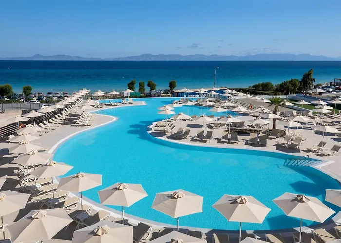 Belair Beach Hotel, a 4-star Ixia (Rhodes) hotel, offers direct access to Ixia Beach and features a family-friendly atmosphere with various leisure activities. Amenities include two large outdoor pools, a children's pool, and sports facilities.
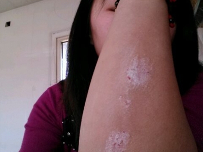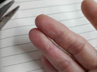 慢性湿疹表现为皮肤粗糙,并有细小的鳞屑附着,搔抓导致掉皮现象,同时掉皮处露出淡粉红色的皮肤,病损处边界并不清晰,甚至逐渐发生扩散。
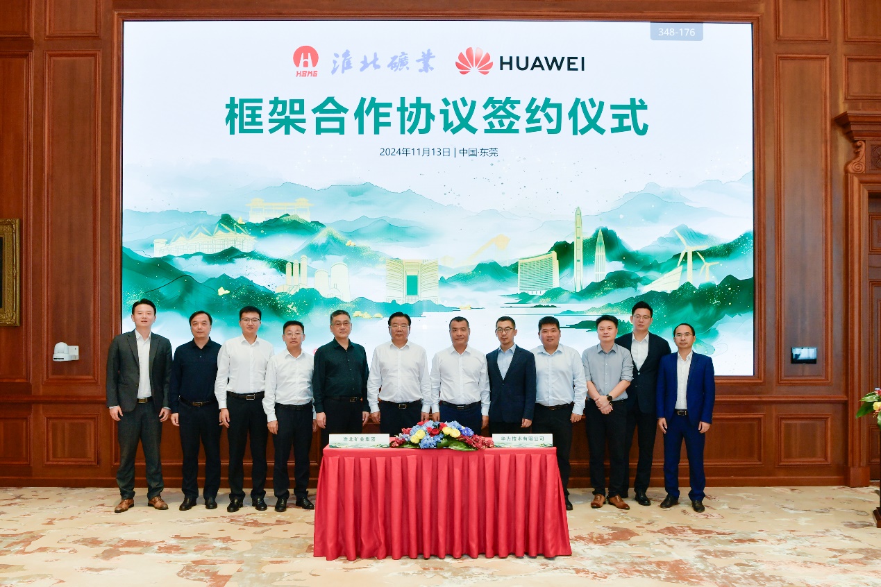 2024年11月13日,淮北礦業集團與華為技術有限公司在廣東東莞簽署框架合作協議。淮北礦業集團黨委副書記、總經理孫方,華為油氣礦山軍團生態合作總裁楊文池出席簽約儀式。淮北礦業副總經理聶政,華為安徽政企副總經理張鵬作為雙方簽約代表完成協議簽署。
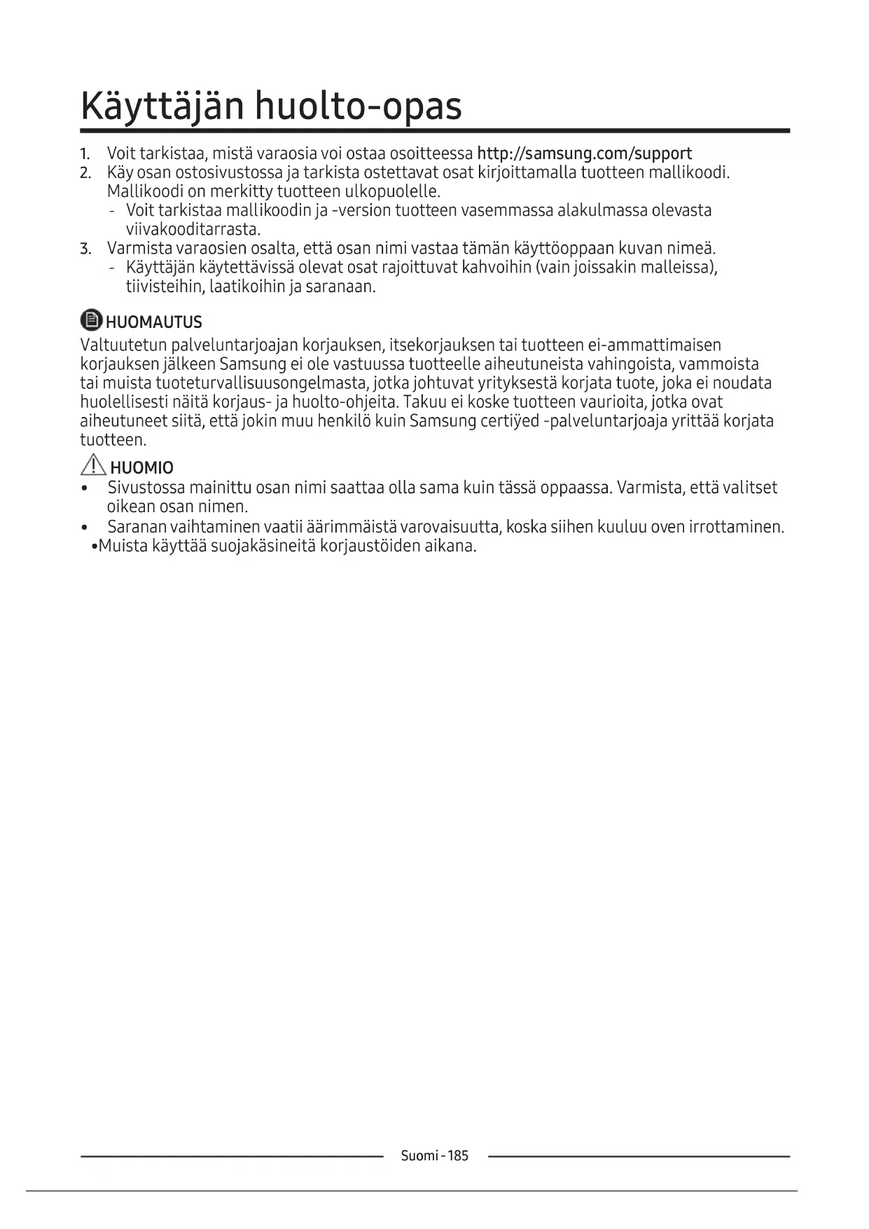 ‐ Käyttäjän käytettävissä olevat osat rajoittuvat kahvoihin (vain joissakin malleissa), tiivisteihin, laatikoihin ja saranaan. HUOMAUTUS Valtuutetun palveluntarjoajan korjauksen, itsekorjauksen tai tuotteen ei-ammattimaisen korjauksen jälkeen Samsung ei ole vastuussa tuotteelle aiheutuneista vahingoista, vammoista tai muista tuoteturvallisuusongelmasta, jotka johtuvat yrityksestä korjata tuote, joka ei noudata huolellisesti näitä korjaus- ja huolto-ohjeita. Takuu ei koske tuotteen vaurioita, jotka ovat aiheutuneet siitä, että jokin muu henkilö kuin Samsung certiÿed -palveluntarjoaja yrittää korjata tuotteen. HUOMIO

WHAT IS BEING ASKED:
Output only the lines from the line that contains "2024年11月13日,淮北" through the end of the material, both ends included, and skip every picture.

SOLUTION FOR THIS PROBLEM:
 2024年11月13日,淮北礦業集團與華為技術有限公司在廣東東莞簽署框架合作協議。淮北礦業集團黨委副書記、總經理孫方,華為油氣礦山軍團生態合作總裁楊文池出席簽約儀式。淮北礦業副總經理聶政,華為安徽政企副總經理張鵬作為雙方簽約代表完成協議簽署。
 ‐ Käyttäjän käytettävissä olevat osat rajoittuvat kahvoihin (vain joissakin malleissa), tiivisteihin, laatikoihin ja saranaan. HUOMAUTUS Valtuutetun palveluntarjoajan korjauksen, itsekorjauksen tai tuotteen ei-ammattimaisen korjauksen jälkeen Samsung ei ole vastuussa tuotteelle aiheutuneista vahingoista, vammoista tai muista tuoteturvallisuusongelmasta, jotka johtuvat yrityksestä korjata tuote, joka ei noudata huolellisesti näitä korjaus- ja huolto-ohjeita. Takuu ei koske tuotteen vaurioita, jotka ovat aiheutuneet siitä, että jokin muu henkilö kuin Samsung certiÿed -palveluntarjoaja yrittää korjata tuotteen. HUOMIO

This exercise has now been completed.